The test cases emerge directly:
- POST with all required fields missing: expect 400, errors array with three entries
- POST with one field missing: expect 400, errors array with one entry matching the missing field
- POST with all fields present: expect success, no errors array
- POST with an extra unknown field: expect success (the criterion says nothing about rejecting unknown fields, so the test verifies the system tolerates them)
The fourth test reveals something interesting: a gap in the criterion. Should unknown fields be silently ignored or rejected? If the answer matters, the criterion should be updated. If it does not matter, the test documents the behavior that was chosen.
This is the feedback loop that makes acceptance criteria powerful. Writing criteria surfaces design decisions. Translating criteria to tests surfaces gaps in those decisions. Both happen before implementation, when the cost of a revision is a line in a document rather than a refactored function.
Anti-Patterns
There are a few patterns that consistently produce criteria which look specific but fail during implementation.
The implementation prescription
“Use a recursive CTE to aggregate positions by book hierarchy.”
This is not an acceptance criterion. It is an implementation instruction. It tells the implementer how to build something without specifying what the correct behavior is. If the recursive CTE produces the wrong result, this criterion still passes. Acceptance criteria describe observable outcomes, not internal mechanisms.
Implementation guidance belongs in the implementation notes field of the specification, not in the acceptance criteria. The distinction matters because acceptance criteria are what get verified. If the criterion is “use a CTE,” the verification checks whether a CTE was used, not whether the aggregation is correct.
The untestable quality
“The UI should feel responsive.”
There is no test for feel, which makes this not a criterion but a goal that belongs in the feature description rather than the acceptance criteria. A testable version might be “page load completes within 200ms at the 95th percentile” or “the search input debounces at 300ms and shows a loading indicator within 100ms of the query firing.” Both can be measured and verified.
The hidden dependency
“The report generates correctly.”
Correctly according to what? This criterion assumes the reviewer already knows what correct means, which may be true today but tends not to hold when someone new joins the team or when the feature changes six months from now. Criteria that work well over time are self-contained: they carry enough context that someone unfamiliar with the feature can determine whether the implementation satisfies them.
The scope creep criterion
“All edge cases are handled.”
This is unfalsifiable. You cannot verify that all edge cases are handled, because you cannot enumerate all edge cases.
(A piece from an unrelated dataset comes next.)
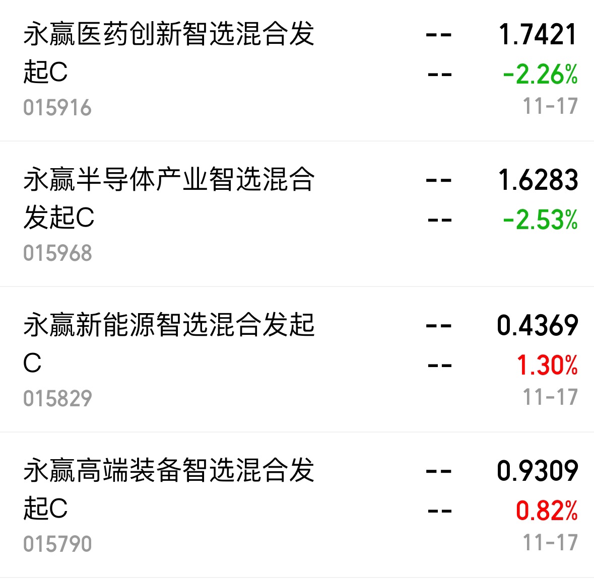 看看今天永赢智选系列的表现:$永赢新能源智选混合发起C$收1.30%,近6个月收

Good criteria enumerate the specific edge cases that are in scope, which makes the boundary of the feature explicit and reviewable.
Where This Lands
The practice of writing acceptance criteria well is not separate from the broader discipline of specification-first development. It is the most concrete expression of that discipline, the place where abstract intent becomes verifiable behavior. When the criteria are specific enough to implement without interpretation and complete enough to test without guessing, the execution phase, whether performed by a human or an agent, tends to become a matter of translation rather than invention. The thinking that mattered most already happened, and it was captured in a form that persists after the implementation is done and remains useful when the feature eventually needs to change.